• _Exercise data_:
===

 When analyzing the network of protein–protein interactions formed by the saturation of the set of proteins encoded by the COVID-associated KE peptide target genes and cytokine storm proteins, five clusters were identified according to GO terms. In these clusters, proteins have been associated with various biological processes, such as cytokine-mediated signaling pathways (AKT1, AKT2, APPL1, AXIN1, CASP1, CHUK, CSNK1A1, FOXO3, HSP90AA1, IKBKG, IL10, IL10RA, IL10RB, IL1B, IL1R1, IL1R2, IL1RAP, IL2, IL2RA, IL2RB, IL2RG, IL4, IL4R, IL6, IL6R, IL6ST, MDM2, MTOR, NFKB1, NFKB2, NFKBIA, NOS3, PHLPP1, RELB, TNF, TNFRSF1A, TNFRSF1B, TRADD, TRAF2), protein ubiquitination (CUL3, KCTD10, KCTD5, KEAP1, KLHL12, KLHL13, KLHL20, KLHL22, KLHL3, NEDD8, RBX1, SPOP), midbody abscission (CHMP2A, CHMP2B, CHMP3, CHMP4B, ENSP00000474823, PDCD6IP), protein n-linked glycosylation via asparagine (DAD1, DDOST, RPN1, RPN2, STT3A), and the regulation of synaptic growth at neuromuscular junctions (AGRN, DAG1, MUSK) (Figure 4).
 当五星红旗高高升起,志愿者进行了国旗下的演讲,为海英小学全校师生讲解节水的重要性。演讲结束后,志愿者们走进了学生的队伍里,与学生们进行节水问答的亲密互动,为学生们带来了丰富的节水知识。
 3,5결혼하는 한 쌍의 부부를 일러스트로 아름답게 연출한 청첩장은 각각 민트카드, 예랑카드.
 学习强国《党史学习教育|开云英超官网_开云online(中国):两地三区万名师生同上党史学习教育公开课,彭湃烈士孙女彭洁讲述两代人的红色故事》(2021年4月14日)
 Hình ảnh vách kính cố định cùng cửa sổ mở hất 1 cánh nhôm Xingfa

===

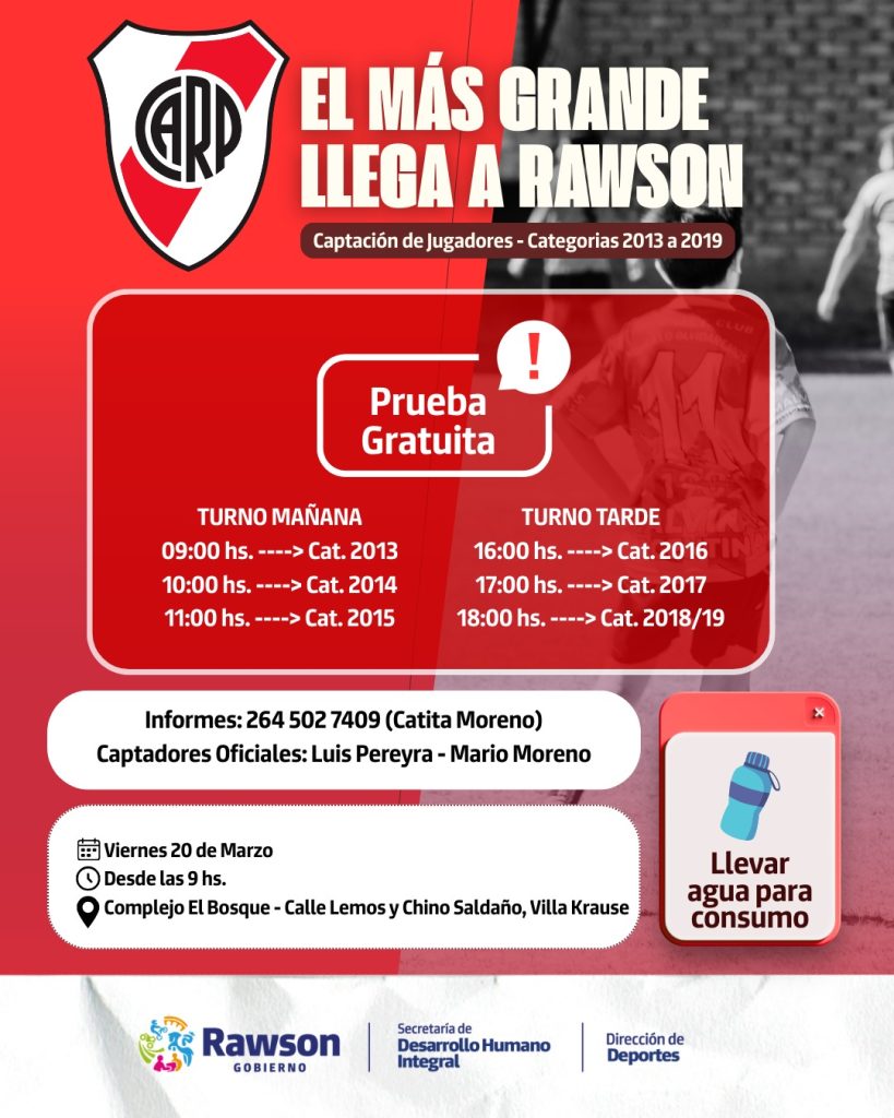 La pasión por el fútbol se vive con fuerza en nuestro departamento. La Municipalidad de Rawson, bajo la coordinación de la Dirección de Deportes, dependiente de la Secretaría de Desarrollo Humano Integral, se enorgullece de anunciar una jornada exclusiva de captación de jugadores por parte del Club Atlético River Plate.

===

• _Task item_: Please transcribe only the lines in the records above running from the line that has "当五星红旗高高升起,志愿者进" through the line that has "Hình ảnh vách", both included, exactly as they appear.

• _Your solution_:
 当五星红旗高高升起,志愿者进行了国旗下的演讲,为海英小学全校师生讲解节水的重要性。演讲结束后,志愿者们走进了学生的队伍里,与学生们进行节水问答的亲密互动,为学生们带来了丰富的节水知识。
 3,5결혼하는 한 쌍의 부부를 일러스트로 아름답게 연출한 청첩장은 각각 민트카드, 예랑카드.
 学习强国《党史学习教育|开云英超官网_开云online(中国):两地三区万名师生同上党史学习教育公开课,彭湃烈士孙女彭洁讲述两代人的红色故事》(2021年4月14日)
 Hình ảnh vách kính cố định cùng cửa sổ mở hất 1 cánh nhôm Xingfa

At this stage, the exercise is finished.